___ PROVIDED DATA

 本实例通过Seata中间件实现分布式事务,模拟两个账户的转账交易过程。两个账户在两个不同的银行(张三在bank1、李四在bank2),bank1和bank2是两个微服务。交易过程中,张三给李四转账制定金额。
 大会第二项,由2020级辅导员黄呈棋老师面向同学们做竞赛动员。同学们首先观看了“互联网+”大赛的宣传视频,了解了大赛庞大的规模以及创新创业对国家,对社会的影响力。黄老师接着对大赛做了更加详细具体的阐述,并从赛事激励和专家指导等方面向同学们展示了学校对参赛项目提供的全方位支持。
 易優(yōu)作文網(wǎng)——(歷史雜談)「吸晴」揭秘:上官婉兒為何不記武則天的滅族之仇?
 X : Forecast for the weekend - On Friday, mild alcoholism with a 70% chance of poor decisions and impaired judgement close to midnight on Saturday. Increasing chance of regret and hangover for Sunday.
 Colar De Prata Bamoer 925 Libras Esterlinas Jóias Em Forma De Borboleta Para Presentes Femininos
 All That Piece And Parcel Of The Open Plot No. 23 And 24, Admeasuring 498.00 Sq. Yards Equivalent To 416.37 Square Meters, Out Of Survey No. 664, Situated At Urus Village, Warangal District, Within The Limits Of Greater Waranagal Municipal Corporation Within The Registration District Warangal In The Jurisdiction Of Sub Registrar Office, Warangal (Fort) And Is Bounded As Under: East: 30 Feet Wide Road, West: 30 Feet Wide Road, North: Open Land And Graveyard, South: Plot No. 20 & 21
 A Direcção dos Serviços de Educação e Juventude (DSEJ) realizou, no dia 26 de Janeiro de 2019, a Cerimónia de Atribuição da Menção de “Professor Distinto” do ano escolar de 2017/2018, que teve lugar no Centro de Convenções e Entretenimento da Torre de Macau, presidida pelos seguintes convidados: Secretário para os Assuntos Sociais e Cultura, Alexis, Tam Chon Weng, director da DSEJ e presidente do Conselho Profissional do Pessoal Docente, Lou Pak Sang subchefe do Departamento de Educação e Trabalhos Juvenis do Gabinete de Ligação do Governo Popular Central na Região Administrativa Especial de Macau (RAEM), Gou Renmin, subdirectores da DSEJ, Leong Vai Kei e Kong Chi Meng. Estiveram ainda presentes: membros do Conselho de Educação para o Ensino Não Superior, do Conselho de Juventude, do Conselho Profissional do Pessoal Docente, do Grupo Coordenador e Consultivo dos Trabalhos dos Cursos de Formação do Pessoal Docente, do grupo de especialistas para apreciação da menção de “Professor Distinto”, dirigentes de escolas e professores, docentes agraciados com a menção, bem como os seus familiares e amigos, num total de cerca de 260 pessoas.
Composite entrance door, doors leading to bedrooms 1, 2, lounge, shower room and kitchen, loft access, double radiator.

______
___ PROVIDED DATA

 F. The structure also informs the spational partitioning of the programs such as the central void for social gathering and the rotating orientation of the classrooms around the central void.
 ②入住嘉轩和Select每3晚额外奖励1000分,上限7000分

______
___ PROVIDED DATA

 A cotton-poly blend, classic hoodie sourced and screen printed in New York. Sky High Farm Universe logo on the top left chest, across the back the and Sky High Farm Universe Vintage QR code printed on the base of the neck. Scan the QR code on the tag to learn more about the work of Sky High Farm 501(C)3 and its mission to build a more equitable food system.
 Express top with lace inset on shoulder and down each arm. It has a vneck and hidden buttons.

______

EXERCISE DIRECTIONS: The expected output is exactly the lines of the listing above between the line holding "本实例通过Seata中间件实" and the line holding "X : Forecast", inclusive.

TASK SOLUTION:
 本实例通过Seata中间件实现分布式事务,模拟两个账户的转账交易过程。两个账户在两个不同的银行(张三在bank1、李四在bank2),bank1和bank2是两个微服务。交易过程中,张三给李四转账制定金额。
 大会第二项,由2020级辅导员黄呈棋老师面向同学们做竞赛动员。同学们首先观看了“互联网+”大赛的宣传视频,了解了大赛庞大的规模以及创新创业对国家,对社会的影响力。黄老师接着对大赛做了更加详细具体的阐述,并从赛事激励和专家指导等方面向同学们展示了学校对参赛项目提供的全方位支持。
 易優(yōu)作文網(wǎng)——(歷史雜談)「吸晴」揭秘:上官婉兒為何不記武則天的滅族之仇?
 X : Forecast for the weekend - On Friday, mild alcoholism with a 70% chance of poor decisions and impaired judgement close to midnight on Saturday. Increasing chance of regret and hangover for Sunday.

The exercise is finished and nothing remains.